Required work –
The listing below has to be output exactly as given, less its pictures.

Listed entries –
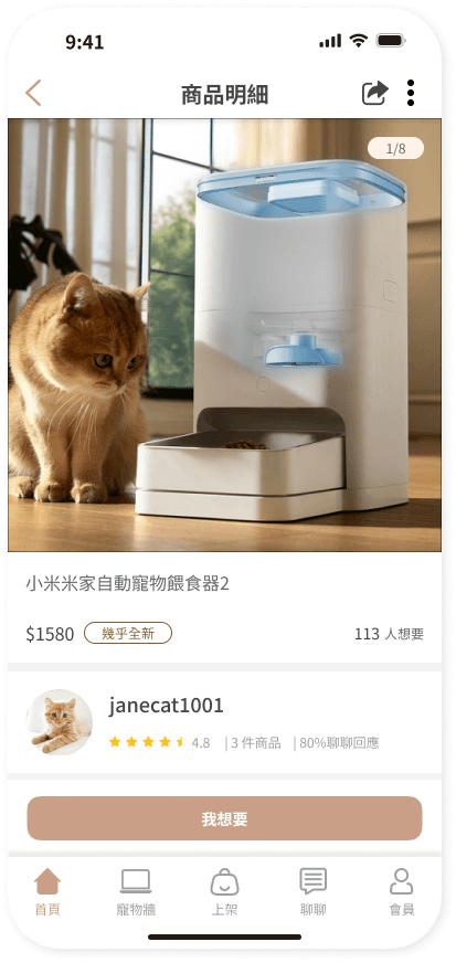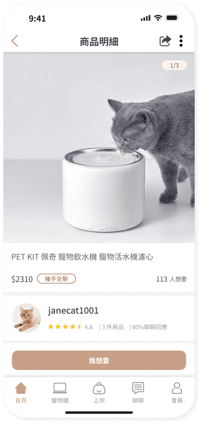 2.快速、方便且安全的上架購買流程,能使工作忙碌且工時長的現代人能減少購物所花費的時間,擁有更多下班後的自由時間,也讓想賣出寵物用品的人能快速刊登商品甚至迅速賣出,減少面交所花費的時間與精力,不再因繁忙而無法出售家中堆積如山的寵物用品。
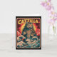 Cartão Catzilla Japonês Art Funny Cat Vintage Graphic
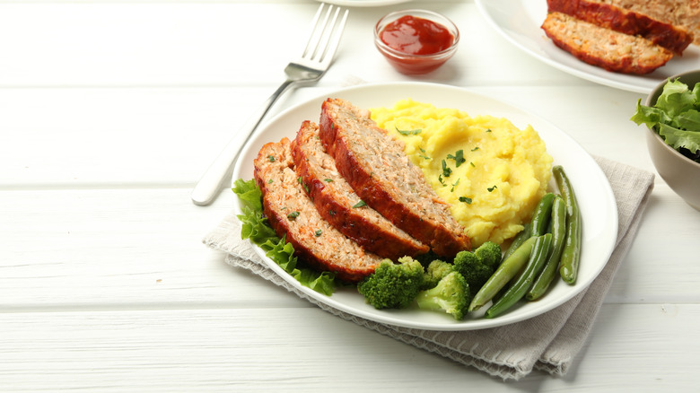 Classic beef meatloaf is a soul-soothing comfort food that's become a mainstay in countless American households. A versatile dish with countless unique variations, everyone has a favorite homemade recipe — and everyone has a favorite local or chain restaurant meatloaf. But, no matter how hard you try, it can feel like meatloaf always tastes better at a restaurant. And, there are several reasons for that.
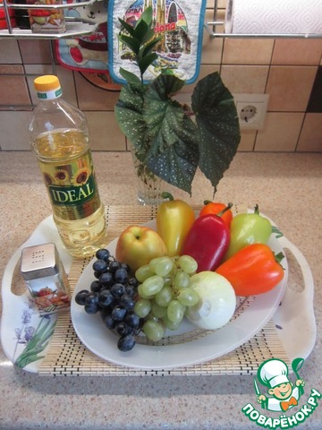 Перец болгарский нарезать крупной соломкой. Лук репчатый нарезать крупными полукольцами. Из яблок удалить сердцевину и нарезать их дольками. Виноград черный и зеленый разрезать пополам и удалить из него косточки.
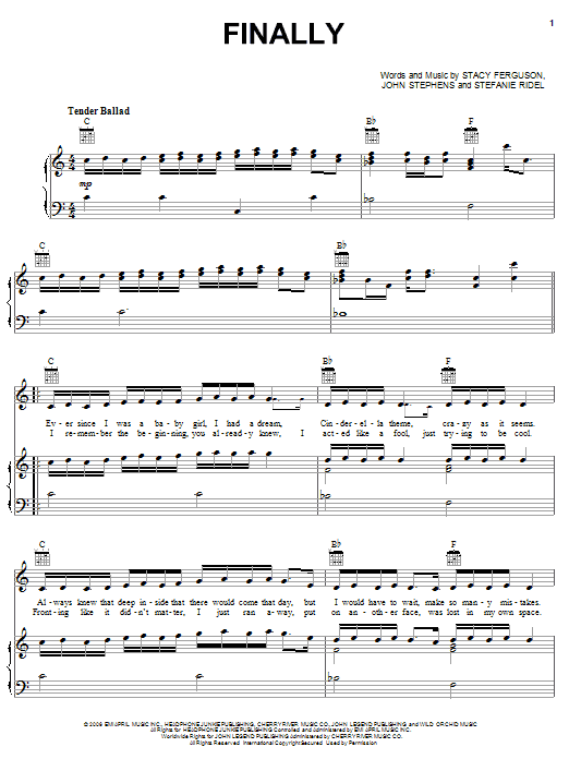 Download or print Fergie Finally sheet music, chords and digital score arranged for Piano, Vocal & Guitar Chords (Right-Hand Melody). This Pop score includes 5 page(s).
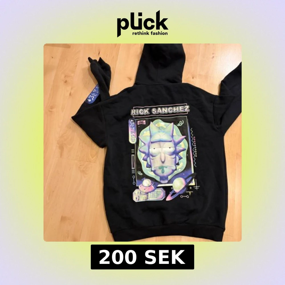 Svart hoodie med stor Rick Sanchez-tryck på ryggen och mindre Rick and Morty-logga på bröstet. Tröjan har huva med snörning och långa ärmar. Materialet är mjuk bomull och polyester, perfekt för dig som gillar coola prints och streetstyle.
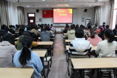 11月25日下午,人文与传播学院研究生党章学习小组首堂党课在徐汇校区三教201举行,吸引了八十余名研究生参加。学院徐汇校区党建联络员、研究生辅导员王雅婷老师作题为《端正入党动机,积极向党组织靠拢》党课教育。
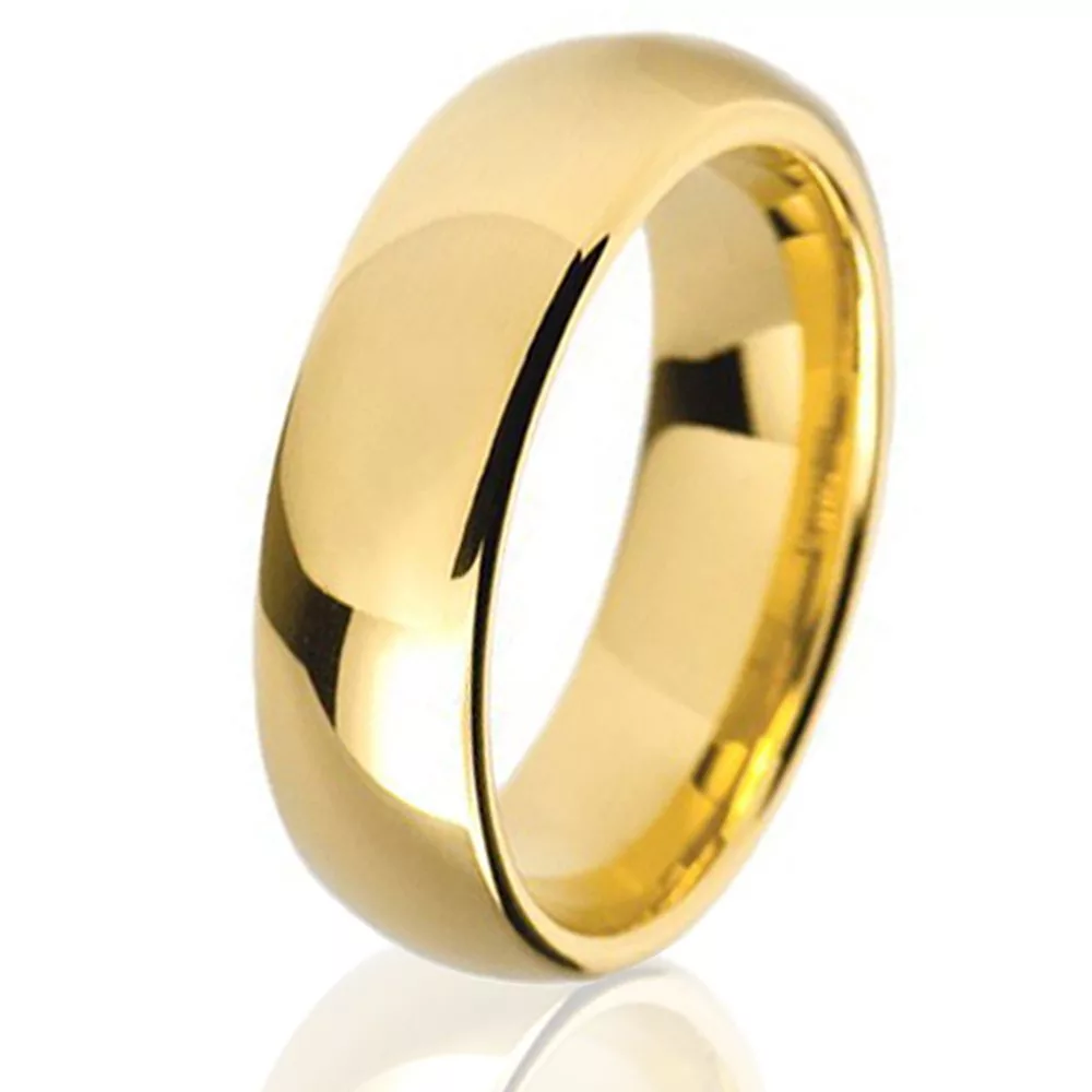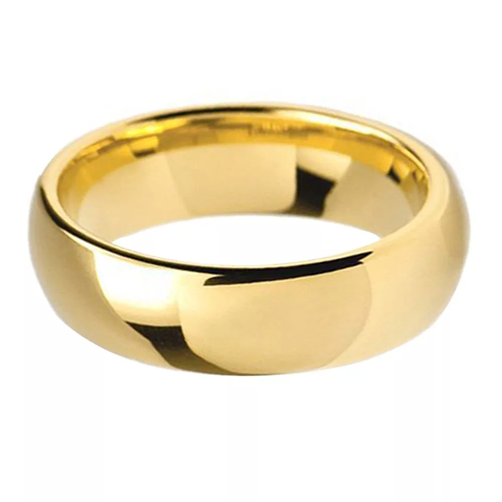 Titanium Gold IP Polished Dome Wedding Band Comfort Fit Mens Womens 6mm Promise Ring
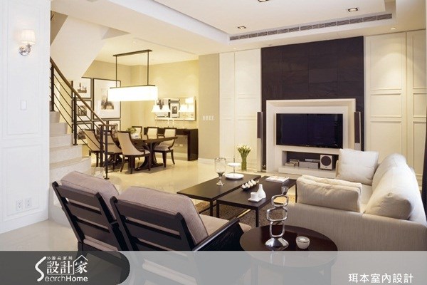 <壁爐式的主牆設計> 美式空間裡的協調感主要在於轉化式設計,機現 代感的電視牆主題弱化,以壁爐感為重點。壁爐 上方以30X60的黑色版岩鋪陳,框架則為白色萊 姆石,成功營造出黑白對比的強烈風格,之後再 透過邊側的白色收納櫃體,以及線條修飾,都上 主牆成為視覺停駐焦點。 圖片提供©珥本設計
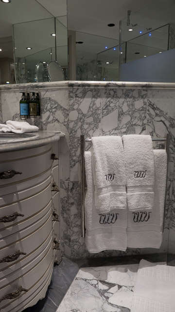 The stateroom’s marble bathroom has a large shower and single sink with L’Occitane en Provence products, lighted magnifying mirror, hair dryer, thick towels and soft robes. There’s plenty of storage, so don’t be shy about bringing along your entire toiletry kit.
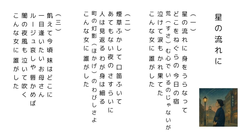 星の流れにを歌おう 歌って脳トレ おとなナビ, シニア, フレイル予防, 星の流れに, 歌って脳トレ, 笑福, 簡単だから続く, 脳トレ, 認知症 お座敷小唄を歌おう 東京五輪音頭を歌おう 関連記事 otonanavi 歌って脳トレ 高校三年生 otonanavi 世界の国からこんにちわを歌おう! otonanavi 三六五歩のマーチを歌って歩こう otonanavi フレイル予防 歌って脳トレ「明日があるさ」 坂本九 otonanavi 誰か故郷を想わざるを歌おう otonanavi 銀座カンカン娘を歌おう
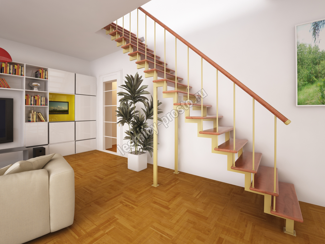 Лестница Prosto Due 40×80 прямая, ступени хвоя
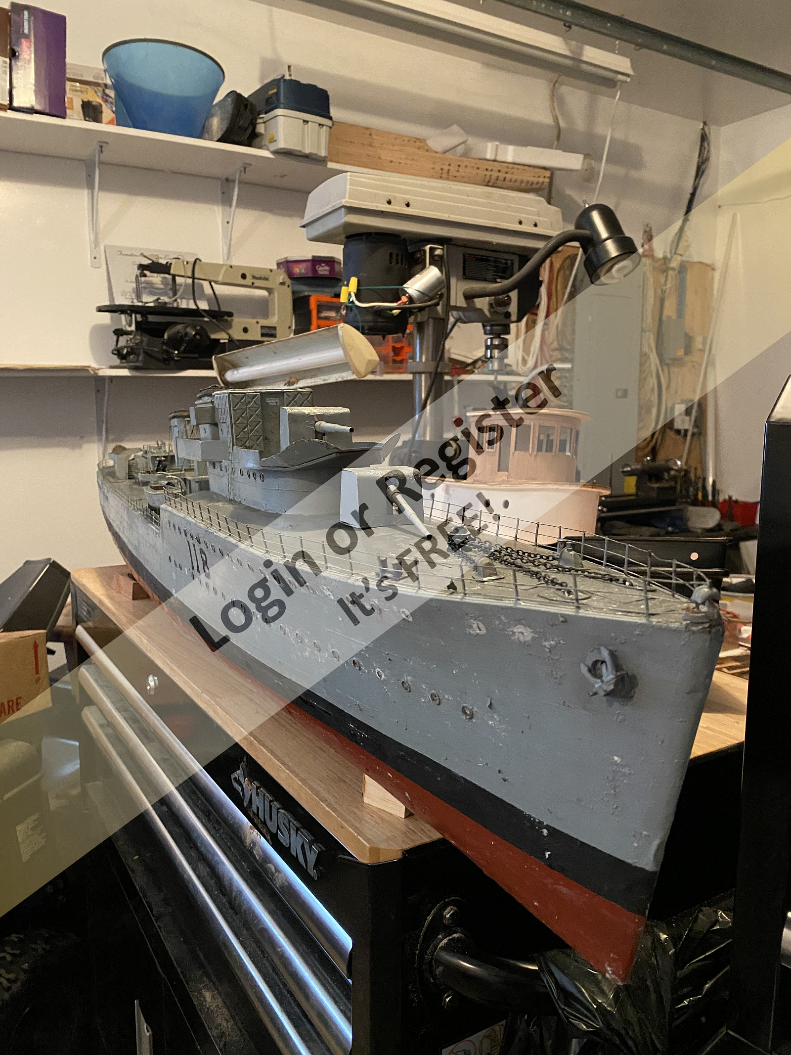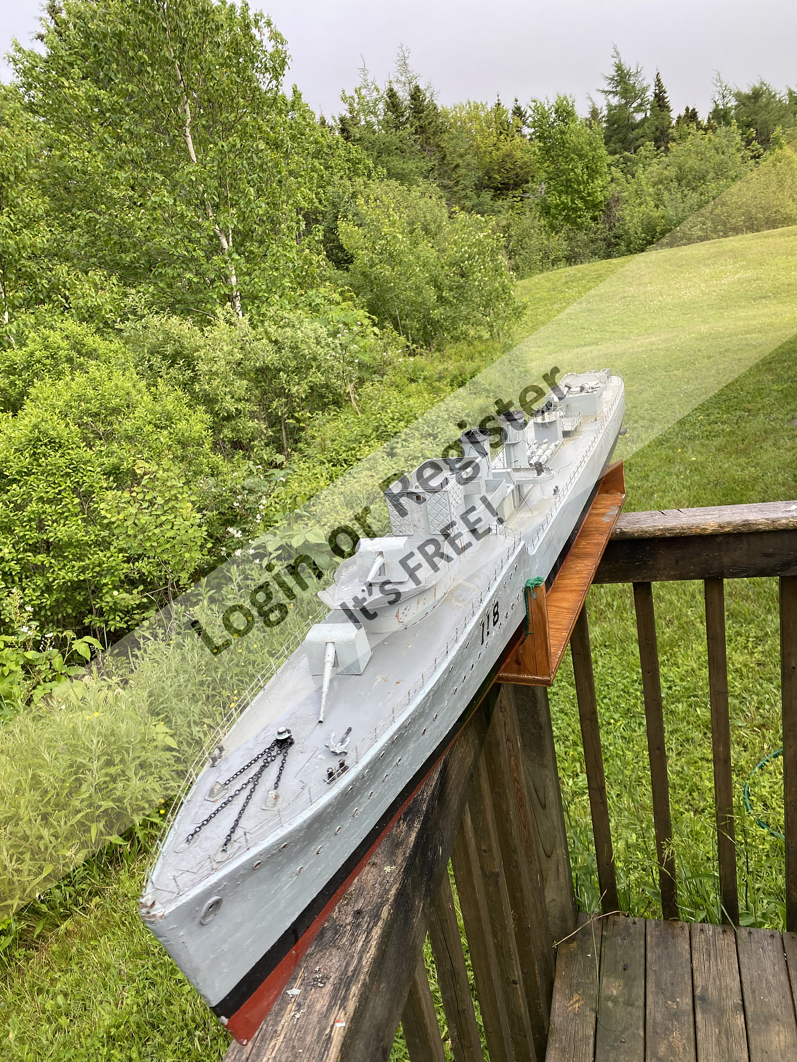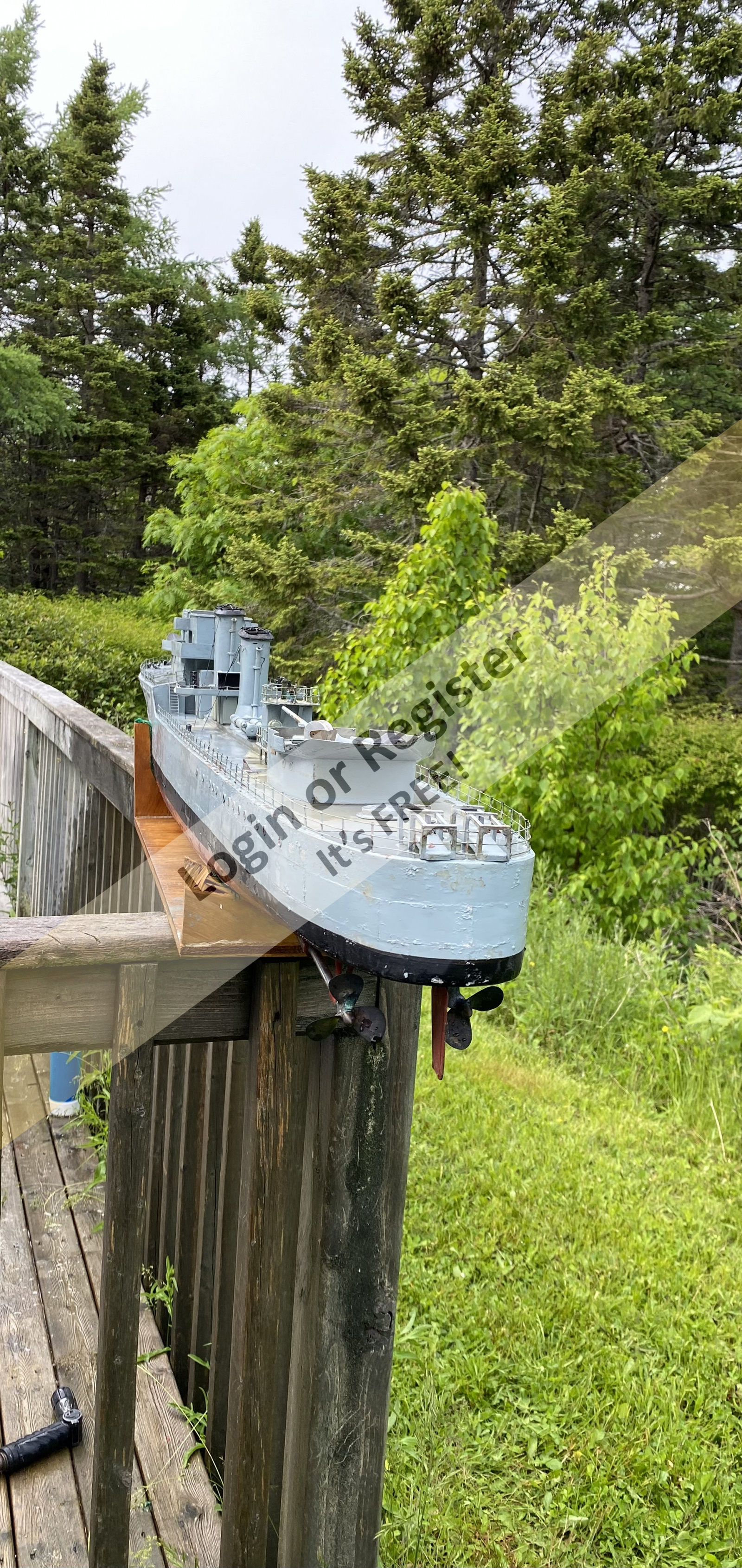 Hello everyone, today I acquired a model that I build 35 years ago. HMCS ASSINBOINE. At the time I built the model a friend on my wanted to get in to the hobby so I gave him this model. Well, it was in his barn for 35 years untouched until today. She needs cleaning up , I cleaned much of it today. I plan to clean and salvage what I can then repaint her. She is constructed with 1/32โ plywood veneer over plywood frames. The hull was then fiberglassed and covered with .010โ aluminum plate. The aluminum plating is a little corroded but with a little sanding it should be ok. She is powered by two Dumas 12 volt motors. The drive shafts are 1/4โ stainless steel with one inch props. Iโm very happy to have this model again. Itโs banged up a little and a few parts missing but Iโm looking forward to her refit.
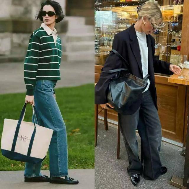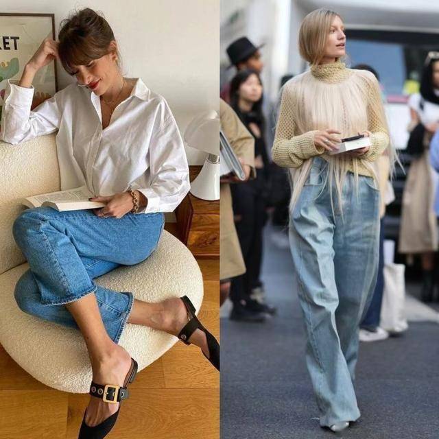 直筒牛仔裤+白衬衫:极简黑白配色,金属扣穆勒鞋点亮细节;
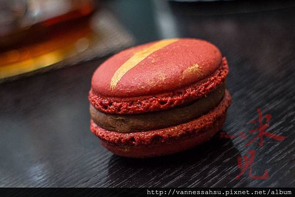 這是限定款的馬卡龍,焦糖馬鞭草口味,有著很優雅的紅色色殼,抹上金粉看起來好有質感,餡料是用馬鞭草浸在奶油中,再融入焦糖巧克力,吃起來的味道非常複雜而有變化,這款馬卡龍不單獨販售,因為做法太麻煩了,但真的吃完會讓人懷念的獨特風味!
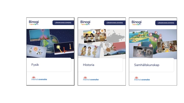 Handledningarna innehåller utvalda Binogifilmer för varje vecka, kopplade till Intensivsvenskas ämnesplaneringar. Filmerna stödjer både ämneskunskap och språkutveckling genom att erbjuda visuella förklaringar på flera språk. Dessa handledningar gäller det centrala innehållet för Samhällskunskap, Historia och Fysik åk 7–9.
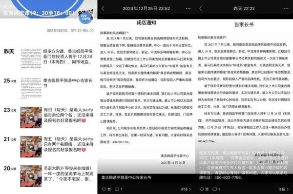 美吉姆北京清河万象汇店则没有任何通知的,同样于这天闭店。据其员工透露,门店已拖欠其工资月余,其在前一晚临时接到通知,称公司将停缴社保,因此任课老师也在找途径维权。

Written reply –
 2.快速、方便且安全的上架購買流程,能使工作忙碌且工時長的現代人能減少購物所花費的時間,擁有更多下班後的自由時間,也讓想賣出寵物用品的人能快速刊登商品甚至迅速賣出,減少面交所花費的時間與精力,不再因繁忙而無法出售家中堆積如山的寵物用品。
 Cartão Catzilla Japonês Art Funny Cat Vintage Graphic
 Classic beef meatloaf is a soul-soothing comfort food that's become a mainstay in countless American households. A versatile dish with countless unique variations, everyone has a favorite homemade recipe — and everyone has a favorite local or chain restaurant meatloaf. But, no matter how hard you try, it can feel like meatloaf always tastes better at a restaurant. And, there are several reasons for that.
 Перец болгарский нарезать крупной соломкой. Лук репчатый нарезать крупными полукольцами. Из яблок удалить сердцевину и нарезать их дольками. Виноград черный и зеленый разрезать пополам и удалить из него косточки.
 Download or print Fergie Finally sheet music, chords and digital score arranged for Piano, Vocal & Guitar Chords (Right-Hand Melody). This Pop score includes 5 page(s).
 Svart hoodie med stor Rick Sanchez-tryck på ryggen och mindre Rick and Morty-logga på bröstet. Tröjan har huva med snörning och långa ärmar. Materialet är mjuk bomull och polyester, perfekt för dig som gillar coola prints och streetstyle.
 11月25日下午,人文与传播学院研究生党章学习小组首堂党课在徐汇校区三教201举行,吸引了八十余名研究生参加。学院徐汇校区党建联络员、研究生辅导员王雅婷老师作题为《端正入党动机,积极向党组织靠拢》党课教育。
 Titanium Gold IP Polished Dome Wedding Band Comfort Fit Mens Womens 6mm Promise Ring
 <壁爐式的主牆設計> 美式空間裡的協調感主要在於轉化式設計,機現 代感的電視牆主題弱化,以壁爐感為重點。壁爐 上方以30X60的黑色版岩鋪陳,框架則為白色萊 姆石,成功營造出黑白對比的強烈風格,之後再 透過邊側的白色收納櫃體,以及線條修飾,都上 主牆成為視覺停駐焦點。 圖片提供©珥本設計
 The stateroom’s marble bathroom has a large shower and single sink with L’Occitane en Provence products, lighted magnifying mirror, hair dryer, thick towels and soft robes. There’s plenty of storage, so don’t be shy about bringing along your entire toiletry kit.
 星の流れにを歌おう 歌って脳トレ おとなナビ, シニア, フレイル予防, 星の流れに, 歌って脳トレ, 笑福, 簡単だから続く, 脳トレ, 認知症 お座敷小唄を歌おう 東京五輪音頭を歌おう 関連記事 otonanavi 歌って脳トレ 高校三年生 otonanavi 世界の国からこんにちわを歌おう! otonanavi 三六五歩のマーチを歌って歩こう otonanavi フレイル予防 歌って脳トレ「明日があるさ」 坂本九 otonanavi 誰か故郷を想わざるを歌おう otonanavi 銀座カンカン娘を歌おう
 Лестница Prosto Due 40×80 прямая, ступени хвоя
 Hello everyone, today I acquired a model that I build 35 years ago. HMCS ASSINBOINE. At the time I built the model a friend on my wanted to get in to the hobby so I gave him this model. Well, it was in his barn for 35 years untouched until today. She needs cleaning up , I cleaned much of it today. I plan to clean and salvage what I can then repaint her. She is constructed with 1/32โ plywood veneer over plywood frames. The hull was then fiberglassed and covered with .010โ aluminum plate. The aluminum plating is a little corroded but with a little sanding it should be ok. She is powered by two Dumas 12 volt motors. The drive shafts are 1/4โ stainless steel with one inch props. Iโm very happy to have this model again. Itโs banged up a little and a few parts missing but Iโm looking forward to her refit.
 直筒牛仔裤+白衬衫:极简黑白配色,金属扣穆勒鞋点亮细节;
 這是限定款的馬卡龍,焦糖馬鞭草口味,有著很優雅的紅色色殼,抹上金粉看起來好有質感,餡料是用馬鞭草浸在奶油中,再融入焦糖巧克力,吃起來的味道非常複雜而有變化,這款馬卡龍不單獨販售,因為做法太麻煩了,但真的吃完會讓人懷念的獨特風味!
 Handledningarna innehåller utvalda Binogifilmer för varje vecka, kopplade till Intensivsvenskas ämnesplaneringar. Filmerna stödjer både ämneskunskap och språkutveckling genom att erbjuda visuella förklaringar på flera språk. Dessa handledningar gäller det centrala innehållet för Samhällskunskap, Historia och Fysik åk 7–9.
 美吉姆北京清河万象汇店则没有任何通知的,同样于这天闭店。据其员工透露,门店已拖欠其工资月余,其在前一晚临时接到通知,称公司将停缴社保,因此任课老师也在找途径维权。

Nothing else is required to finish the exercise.